White blood cell (WBC) counts of 100 x 109/L or greater have been observed in less than 1% of patients receiving pegfilgrastim. No adverse events directly attributable to this degree of leukocytosis have been reported. Such elevation in white blood cells is transient, typically seen 24 to 48 hours after administration and is consistent with the pharmacodynamic effects of this medicine. Consistent with the clinical effects and the potential for leukocytosis, a WBC count should be performed at regular intervals during therapy. If leukocyte counts exceed 50 x 109/L after the expected nadir, this medicine should be discontinued immediately.
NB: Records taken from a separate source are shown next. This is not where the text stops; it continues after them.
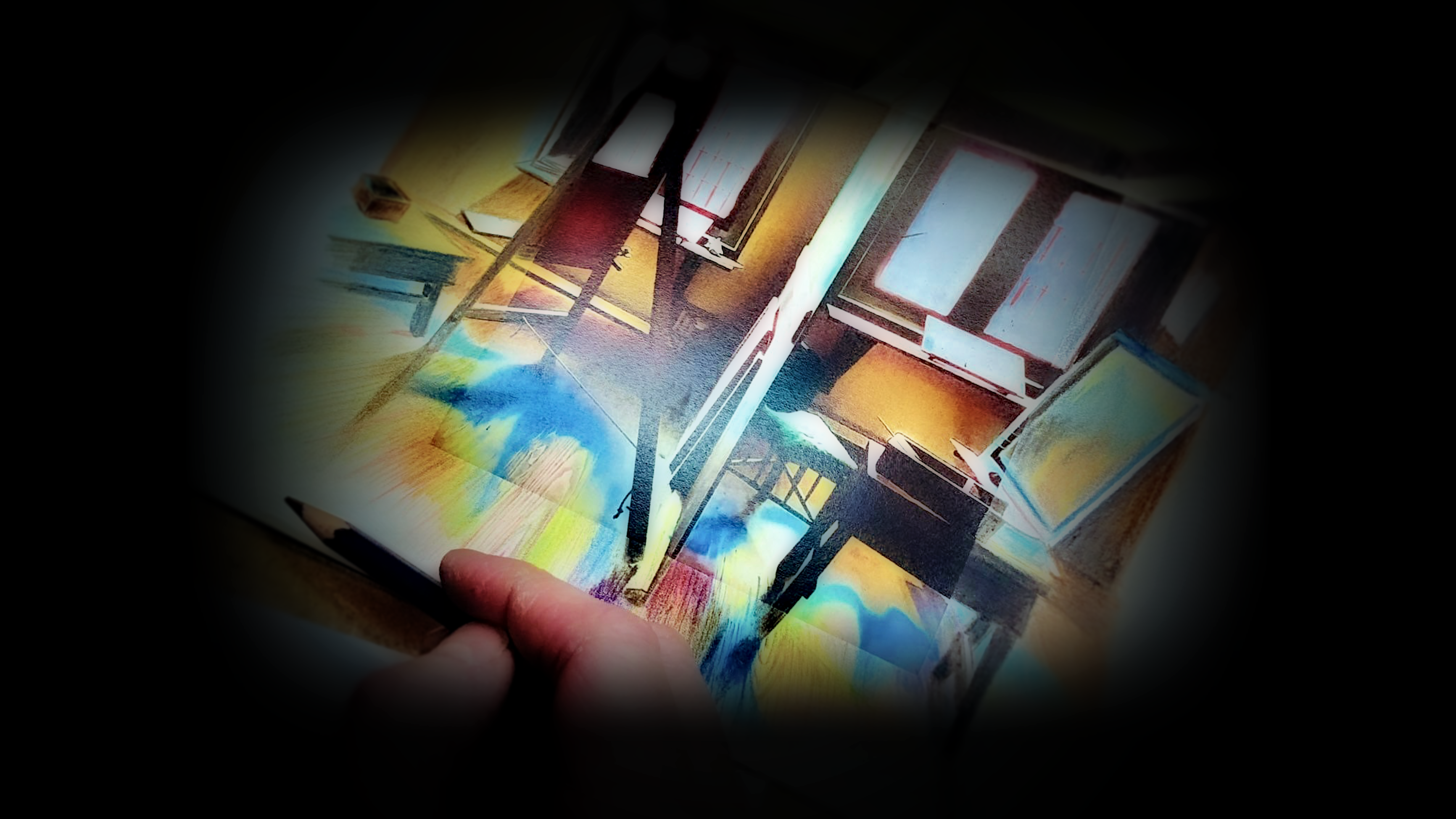 He takes a moment to focus on mixed media drawings, combining graphite pencils with a touch of color, often using blue, to add an extra dimension to his works.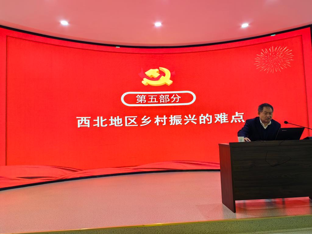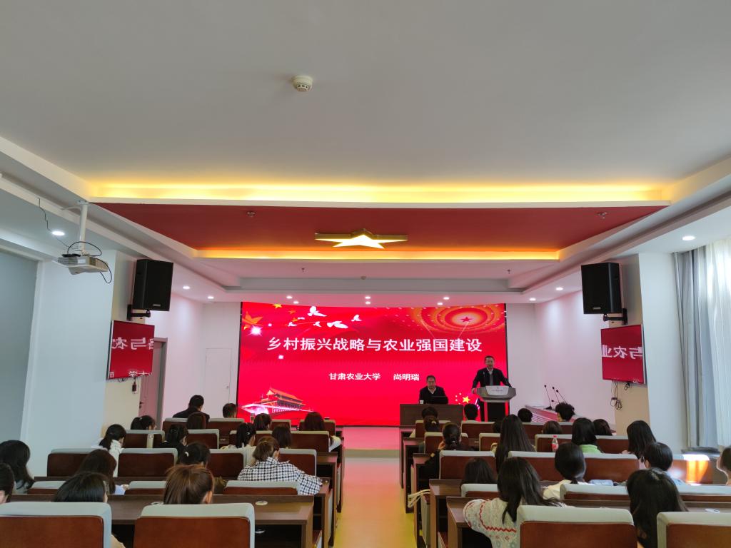 尚明瑞教授以“乡村振兴战略与农业强国建设”为题,从乡村与城市聚落的形成发展、当前世界农业经济的发展现状、乡村振兴战略的提出与实施、农业强国以及农业人才强国、西北地区乡村振兴的难点、甘肃省全面推进乡村振兴的部署、乡村振兴中的金融支持问题等七个方面进行了全面系统地阐释。报告以党的二十大精神为指导,深入解读2023年中央一号文件精神,紧密结合西北地区及甘肃实际,论述了强国必先强农,农强方能国强。全面推进乡村振兴,既是实现中国式农业农村现代化的必由之路,也是建设农业强国的重要任务。强调要立足国情农情,体现中国特色,深刻领悟农业强国的历史方位、战略定位、统领地位,着力解决重点和难点,强化政策和要素供给,推进科技和制度创新,走出一条中国特色农业现代化道路。
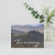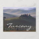 Cartão postal de uma fazenda, no nevoeiro matinal, à madrugada do amanhecer na Toscana, entre as colinas rolantes do Vale de Val d’Orcia entre Pienza e San Quirico d’Orcia, em Itália, com o seguinte texto: "Toscana, San Quirico d'Orcia".
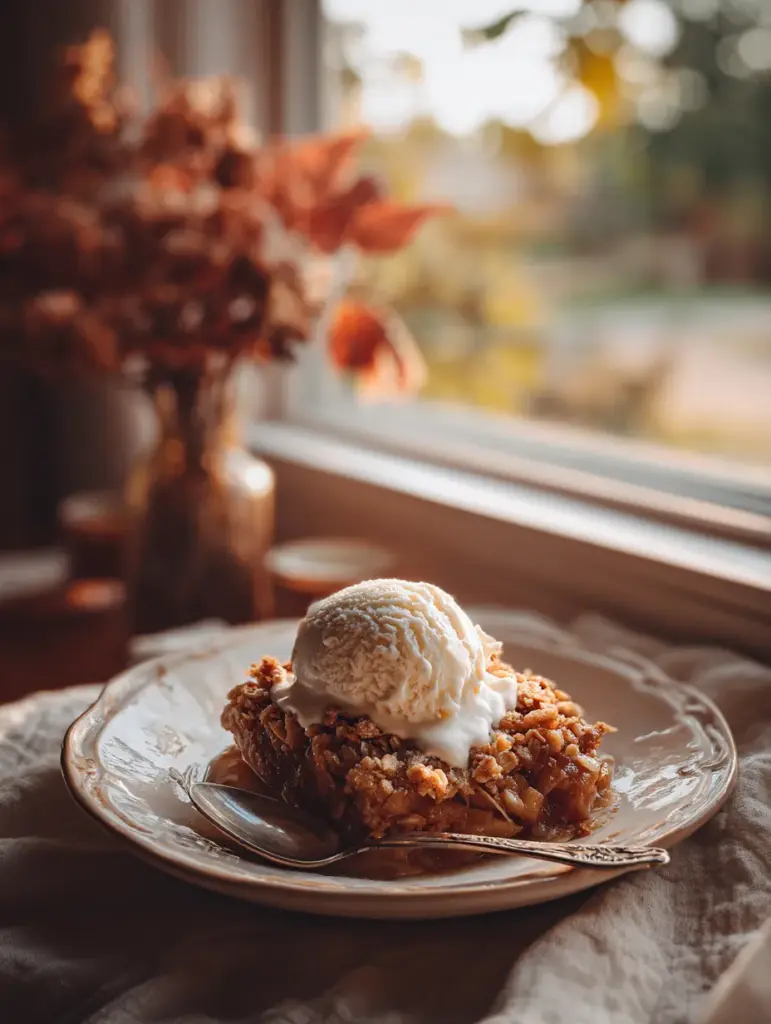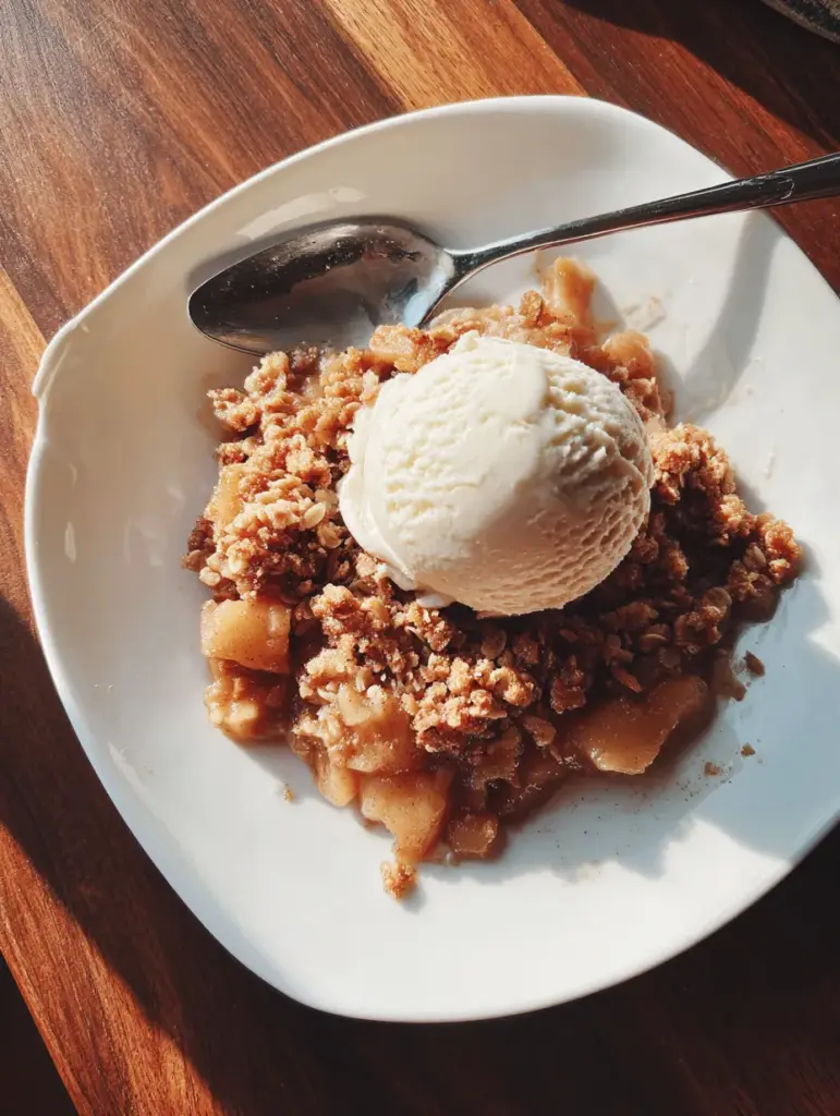 For an indulgent finish, serve warm with a generous scoop of vanilla ice cream. The cold cream melts into the hot crisp, creating that perfect bite of warm and cool, soft and crunchy.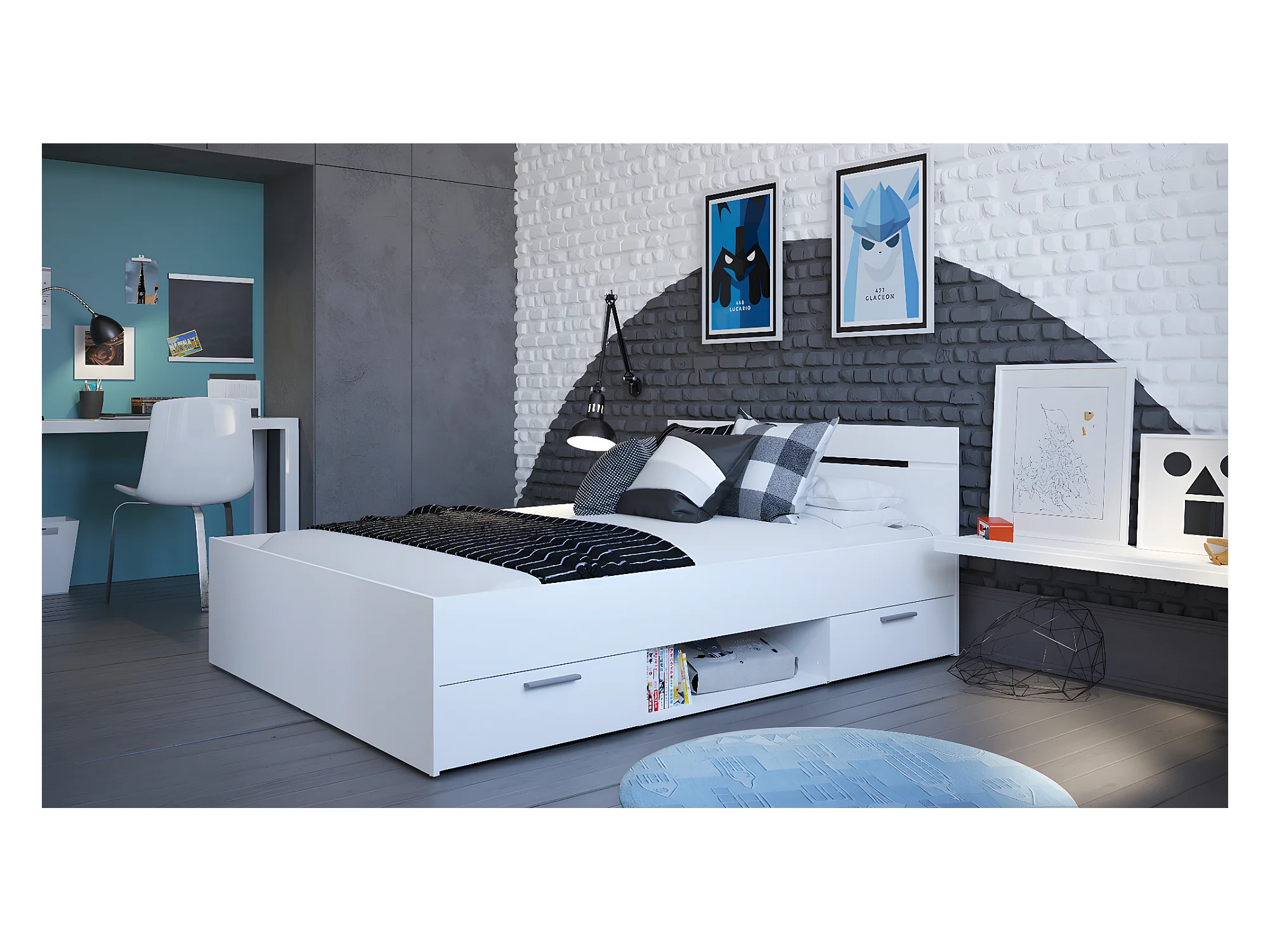 Lit adulte avec rangement coloris blanc mat - 144,1 x 74,2 x 194,7 cm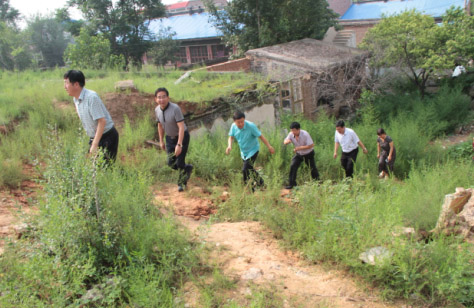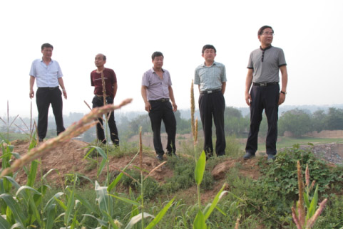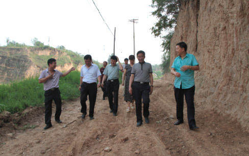 7月29日烈日炎炎,忻州氣溫高達(dá)30多度,下午16時(shí)許,忻府區(qū)區(qū)長(zhǎng)趙志偉,副區(qū)長(zhǎng)寧康平,忻府區(qū)國(guó)土資源局局長(zhǎng)白蕾,解原鄉(xiāng)黨委書(shū)記丁國(guó)倉(cāng),鄉(xiāng)長(zhǎng)王萬(wàn)榮和相關(guān)部門(mén)負(fù)責(zé)人,帶著忻州市委、市政府,忻府區(qū)委、區(qū)政府對(duì)東社村村民的關(guān)懷,趕赴解原鄉(xiāng)東社村實(shí)地了解情況。區(qū)長(zhǎng)趙志偉一行人驅(qū)車(chē)直奔現(xiàn)場(chǎng),徒步來(lái)到村東南角高鐵架空橋下,認(rèn)真察看高鐵架空橋下積水形成灘涂地段和防洪渠現(xiàn)狀后,漫步爬坡而上,走到村東南土方堆放處神臺(tái)溝(地名)。親自爬上高約7、8米的土堆,沿土堆一直走到源頭察看了積水情況,經(jīng)過(guò)對(duì)現(xiàn)場(chǎng)地形以及土堆源頭積水情況的細(xì)致調(diào)研,一行人汗流夾背地返回村口,連口水也來(lái)不急喝就開(kāi)始認(rèn)真地分析問(wèn)題。

Hypersensitivity, including anaphylactic reactions, occurring on initial or subsequent treatment have been reported in patients treated with pegfilgrastim. Permanently discontinue pegfilgrastim in patients with clinically significant hypersensitivity. Do not administer pegfilgrastim to patients with a history of hypersensitivity to pegfilgrastim or filgrastim. If a serious allergic reaction occurs, appropriate therapy should be administered, with close patient follow-up over several days.
As with all therapeutic proteins, there is a potential for immunogenicity. Rates of generation of antibodies against pegfilgrastim is generally low. Binding antibodies do occur as expected with all biologics; however, they have not been associated with neutralising activity at present.
Aortitis has been reported after G-CSF administration in healthy subjects and in cancer patients. The symptoms experienced included fever, abdominal pain, malaise, back pain and increased inflammatory markers (e.g. c-reactive protein and white blood cell count). In most cases aortitis was diagnosed by CT scan and generally resolved after withdrawal of GCSF. See also section 4.8.
The safety and efficacy of Neulasta for the mobilisation of blood progenitor cells in patients or healthy donors has not been adequately evaluated.
The needle cap of the pre-filled syringe contains dry natural rubber (a derivative of latex), which may cause allergic reactions.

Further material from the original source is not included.